Even though we have tools like Slack to help us keep up with what all of our teammates are doing, it’s different than being in a building together. It’s better the more independently you can work, but it’s worse if you need to be in communication with teammates for most of the day.

Importantly, this is also one of the reasons why it’s risky hiring junior people into remote roles. We tend to hire the most experienced people we can find, because in a remote company, you have to be able to paddle your own boat most of the time.


Part of the beauty of remote work is that you have access to people you’d never have access to if you required they live in a certain city.

This has interesting implications for SF and other tech hubs vs. the world. People in SF would tell you they would still have the talent advantage over you because they can hire A+ talent AND co-locate everyone together. This may be true right now, but a) it’s very expensive, and b) it may not be as true in the future when living in SF becomes even more cramped than it already is.

In terms of being super-productive in remote environments, the biggest lever is to work as asynchronously as possible. Carve off large chunks of work that you can do on your own without having to check in every hour or even every day.
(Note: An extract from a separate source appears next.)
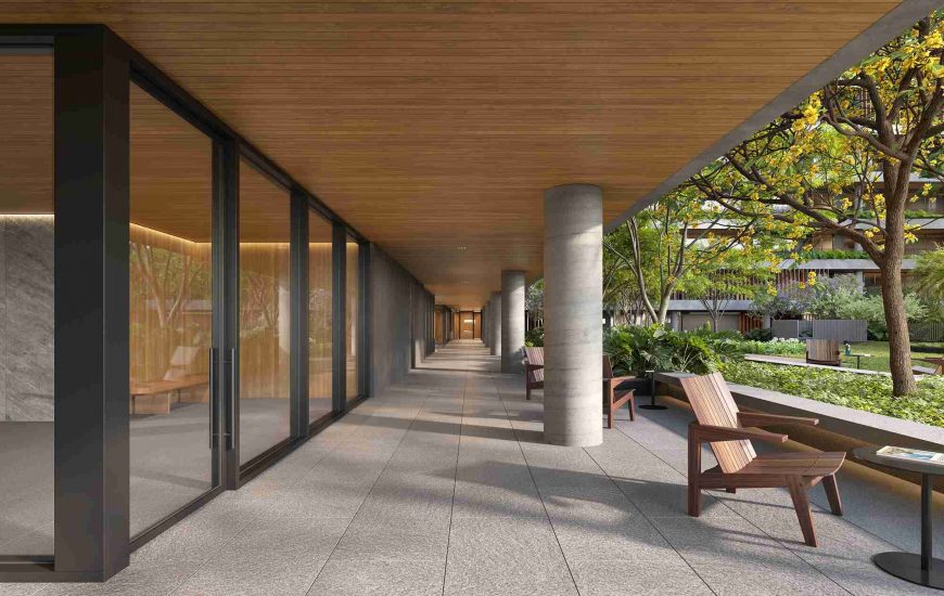 Ocupando toda uma quadra, o edifício se torna parte da paisagem em sua dimensão horizontal, de pavimentos únicos que acompanham a topografia do terreno. A praça interna do empreendimento e os percursos entre as áreas comuns trazem uma variedade de espaços abertos e outros mais reservados, com uma riqueza de perspectivas. Possibilitar essa capacidade de observar os arredores a partir de uma posição acolhedora, longe da agitação da cidade, garante boas condições para manter as pessoas mais tempo ao ar livre com conforto e segurança.
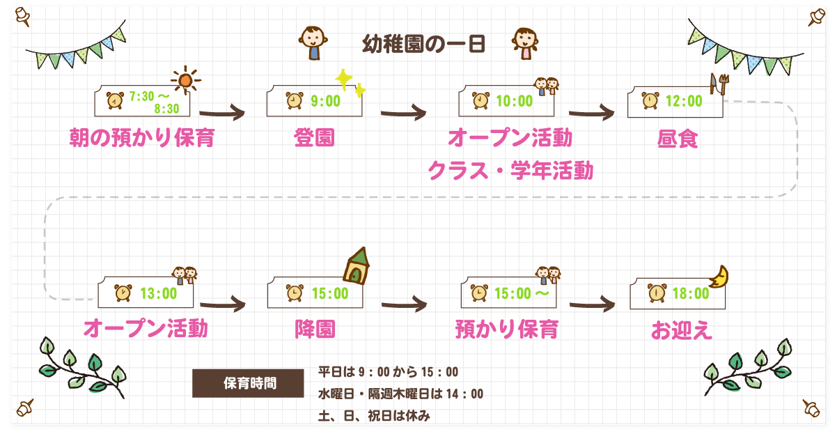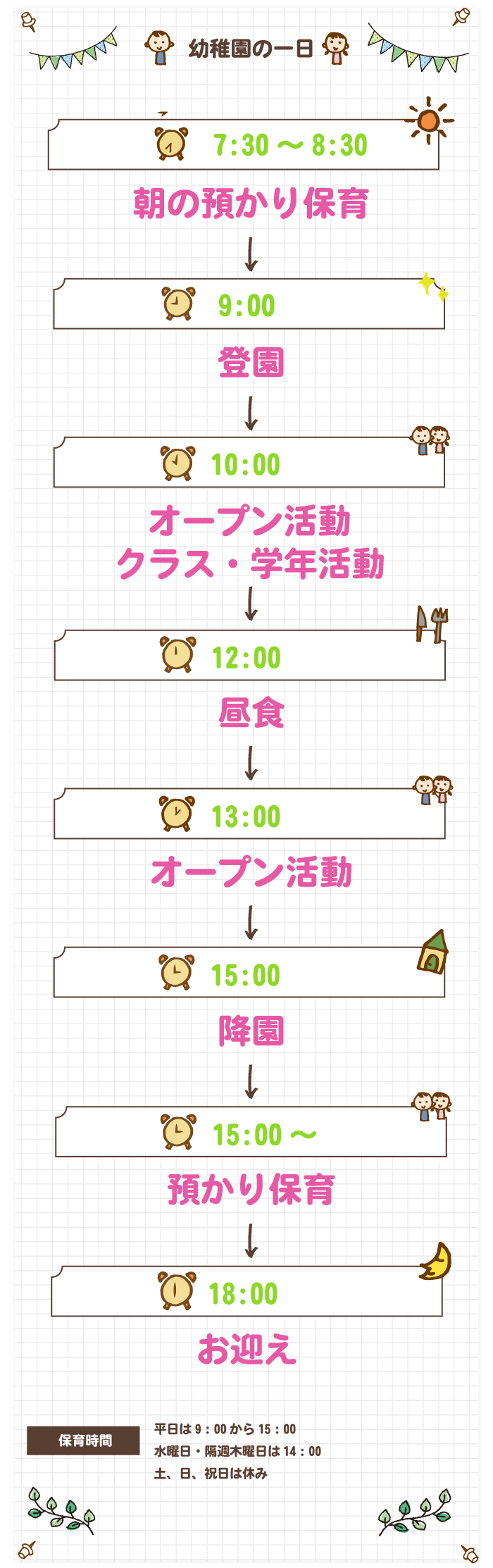 | 預かり保育 | 早朝7時30分から8時30分まで 保育後から18時まで 夏休み、冬休み、春休み期間中も預かり保育があります。 保育開始前は利用時間に関わらず1回300円 保育終了から2時間までは一律600円 2時間を超える場合は30分150円が加算されます。 また、保育の必要性があると認定を受けた場合には 利用実態に応じて最大月11,300円までの範囲で 預かり保育の利用料が無償化されます。 |

For design reviews, do some of them over video, but collect as much feedback via asynchronous comments as you can.


The thing that has taken the most getting used to at an all-remote company is all of the communication that gets done over Slack. The author is not sure if Slack has made me more or less productive. It is likely that it has had effects in both directions.

On the positive side, it’s a very well-designed product for what it does and it makes non-face-to-face communication a snap.

On the negative side, it does feel like a second inbox. It also feels like an excuse not to document decisions properly.

Slack as a tool has the same core problem that Twitter has: it’s too easy to use it in a way that isn’t helpful. Slack has done a good job of trying to lightly push you in healthy directions, but the author still hasn’t had the aha moment where he couldn’t imagine his life without it.

To Slack’s credit, they provide a service that is so flexible that it’s really up to you and your company to use it in a way that adds the most value.


The two things you want most in a job are impact and happiness. Building on the aspects above, the three factors would most determine happiness are:

  • The qualities of your home-office habitat.
  • The qualities of your company’s office habitat.
  • What sort of human interaction you want/need from co-workers on a daily basis.

You probably need at least two of those things to fall in your favor to enjoy your chosen path. Additionally, all three could change at any time, and the second one is very dependent on what company you’re talking about.

Another important factor in determining happiness is how hard of a line you want between work and home life. One benefit of traditional office environments is that when you physically leave the office, it’s not too hard to flip the switch and go into “home mode”.